I just fixed it upstream: you need to pin the version of uvicorn in your requirements.txt: https://github.com/render-examples/fastai-v3/commit/740564decf1704b1e30b1364cc7327245659c7e9

1 Like

Anyone know how to get the example zeit web app working in v2? I think all you need to do is reconfigure the now.json file, but I’m not sure what needs to be changed.

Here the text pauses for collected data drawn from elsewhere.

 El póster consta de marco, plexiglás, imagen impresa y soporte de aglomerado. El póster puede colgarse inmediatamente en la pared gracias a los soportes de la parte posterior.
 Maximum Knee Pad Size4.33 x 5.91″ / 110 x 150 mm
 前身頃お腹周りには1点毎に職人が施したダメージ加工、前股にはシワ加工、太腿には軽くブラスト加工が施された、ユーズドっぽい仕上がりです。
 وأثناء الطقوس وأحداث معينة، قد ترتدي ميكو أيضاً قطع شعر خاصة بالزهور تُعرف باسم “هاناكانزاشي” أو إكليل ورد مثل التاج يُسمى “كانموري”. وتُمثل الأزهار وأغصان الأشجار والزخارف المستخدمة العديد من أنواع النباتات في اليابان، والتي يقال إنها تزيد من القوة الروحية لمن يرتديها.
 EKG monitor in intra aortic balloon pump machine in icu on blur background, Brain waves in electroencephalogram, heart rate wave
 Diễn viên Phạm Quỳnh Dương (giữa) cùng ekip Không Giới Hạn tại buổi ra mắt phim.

@waydegg if you figure it out, let us know. I’ve removed the Zeit guide for now since it doesn’t work.

2 Likes

The problem is that v2 of Zeit’s Now service does not provide Docker based deploys.
They have a builder that should be able to build python apps, but the problem is that the newest version of python it supports is 3.4 and for fastai/pytorch we need a newer version of python. So that is where I failed.

Many thanks @anurag. My Web app works quite well now :slight_smile:

Note: this time, after installation of starlette in my fastai v1 environment, I tested my Web app locally on my computer instead of deploying it directly to Render.com. It saved me a lot of time (local debugging)!

One question: do you know how to run the starlette Web app in a jupyter notebook (like displaying http://localhost:5042/ into a notebook)?

1 Like

I’m trying to adapt the html and css files of the “fastai v1 Web App on Render” to be mobile-friendly thanks to online guides like “How to Make a Mobile-Friendly Website: Responsive Design in CSS”.

It does help but at the end, there is still a problem: the Web app (the one from Jeremy as well, at least on my devices) works on Windows desktops and android smartphones but not on IOS Apple devices (notebooks, ipads and iphones). The problem comes from the Safari Web browser? Someone knows how to solve this issue? Thanks.